By the time Peter Kovacs became a working journalist, the tradition of publishing pages and pages of art showing Carnival floats had pretty much disappeared.
But Kovacs, editor of New Orleans’ The Advocate, remembered seeing pages from 100 years ago framed and displayed in businesses around town.
So in 2014, after one krewe suggested bringing the tradition back, The Advocate published seven bulletins showing renderings of seven parades.
“We were looking for ways to revive Mardi Gras traditions in print,” said Kovacs, who worked at the Times-Picayune for 29 years. “Our whole business model is about how print is not dead.”
The renderings come from the companies that create the floats, which create them before construction begins each year.

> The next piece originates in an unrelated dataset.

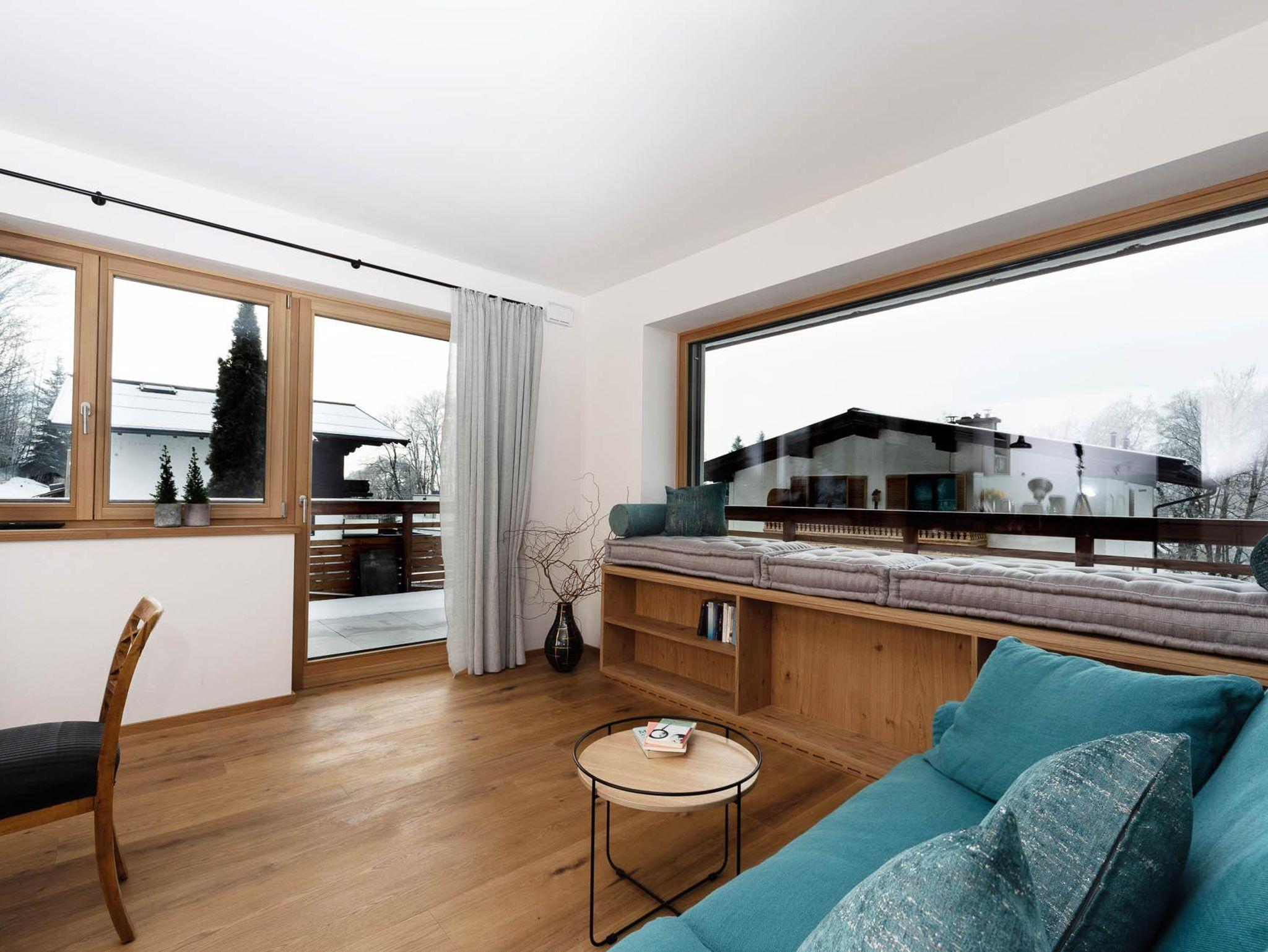• Große Panoramafenster aus Lärchenholz

The krewes don’t pay to be included in the bulletins, but advertisers do pay for the real estate on the back.
This year, starting about two weeks ago with the first of the parades, The Advocate has 16 bulletins depicting 16 krewes and their parades.

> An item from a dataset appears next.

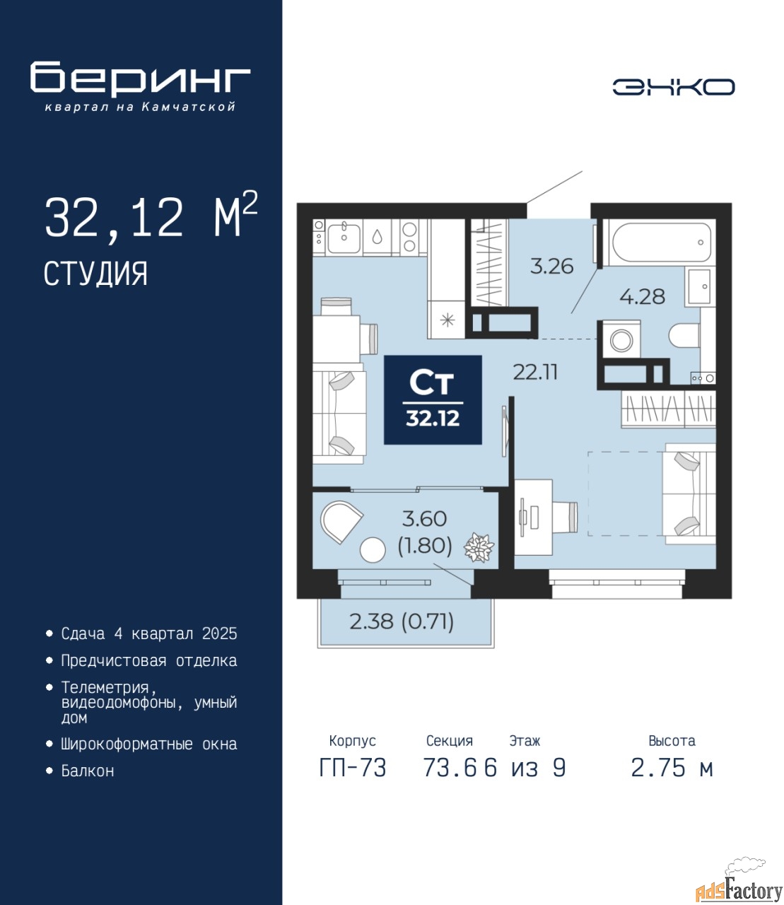 | Высота потолков (м.) | 2.75 |

“For most people, it’s kind of a new thing,” Kovacs said, but if you live in New Orleans, you’ve probably seen some of those old ones framed on the walls of local businesses.
“So when people see it, they say ‘Oh I’ve seen that on the wall somewhere,’ ” he said.
And they might be seeing newer versions, too. The bulletins have become collectibles, Kovacs said. The Advocate plans to continue the tradition next year.